И Евсей в подробностях рассказал всё, что показалось ему странным в истории с незнакомцем.
– Тут, Антип, вот в чём я сумлеваюсь: человек он с ветру и, видать, служивый. А еслив руки у ево были связаны – знать набедокурничал чево?.. Да вот ишшо чо: саженях в ста от ево лошадь нашёл. А по попоне видать – казацка она, не инородцев. И чо чудно: лошадь-то остыть ишшо не успела – выходит, одним временем всё и случилось.
– Дык чо ж тогда получается?.. Чево сурьёзного натворил да понял, чо за енто либо каторга, либо через смертну казнь жизни лишится. Ну и решил руки на себя наложить… Тода чево ж лошадь недалече от яво оказалася? На кой хрен он её с собой поташшил? – удивлённо взглянул на Евсея Антип.
– Да вот и я об том же кумекаю, – озадаченно произнёс тот. – Не могла лошадь сама с обрыву сигануть: оно животное сметливое – пройдёть, где не всяк человек проберётся. А там тропа широка – впору для пары коней сгодится.

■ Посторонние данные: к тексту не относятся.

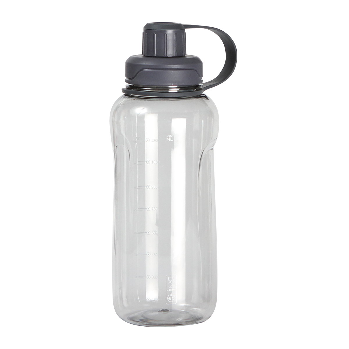 Botella deportiva fabricada en policarbonato con tapa de rosca fabricada en PP y asa de PE. Fabricada en materiales de grado alimenticio, ideal para bebidas frías o calientes; no usar en microondas. Capacidad de 1,500 ml (50.5 oz). Puede soportar temperaturas de -20°C a 99°C. Tapa a prueba de escurrimientos o fugas.

– Ну, а еслив волк рядом объявилси? Испужалась лошадь и шарахнулась в сторону – вот и сорвалась в пропасть, – повернул к Евсею округлённые глаза Антип.
– Да кабы один он там проезжал, а то ведь под конвоем, видать. А сколь их там конвоиров было?.. Не-е, не решилси бы волк даже близко подойтить. Да и как конь без седока оказался? – пожал плечами Евсей.
– Да-а-а, чудно… – протянул Антип, почесав затылок. – Выходить, сам он себя жизни лишил. А вот с лошадью – мудрёно как-то получается…
– Ладноть, пойдём в избу, чево теперь гадать. Бабы, поди, уже управились со своими делами, – поднялся Евсей…
– Ну вот и всё: ранки все промыли да снадобьями смазали, – доложила отцу Марьяна.
– А нужно ли яму это? – махнул рукой Евсей. – Сдаётся мне, человек этот – рукоприкладник, по воле своей пожелавши лишить себя жизни. А вы ему травки, снадобья… На кой только я яво сюды приташшил?.. – пожал он плечами.
– Не желал этот служивый себе погибели! – строго взглянув на него, уверенно произнесла Серафима.
– Это как же так?! – переглянувшись с Антипом удивился Евсей. – С чево ты это взяла?
– А с того!.. – резко ответила знахарка. – Гли-ко на его ладони – изодраны все, раны-то свежи, видать, за камни успел уцепиться, да не смог удержаться.
Евсей подошёл к чужаку и взглянул на повёрнутые кверху ладони, густо смазанные снадобьем, сквозь которое проступали глубокие кровавые борозды.
– Да-а-а… – с состраданием в голосе, протянул он. – Видать, зазря мы об ём так подумали… а, Антип?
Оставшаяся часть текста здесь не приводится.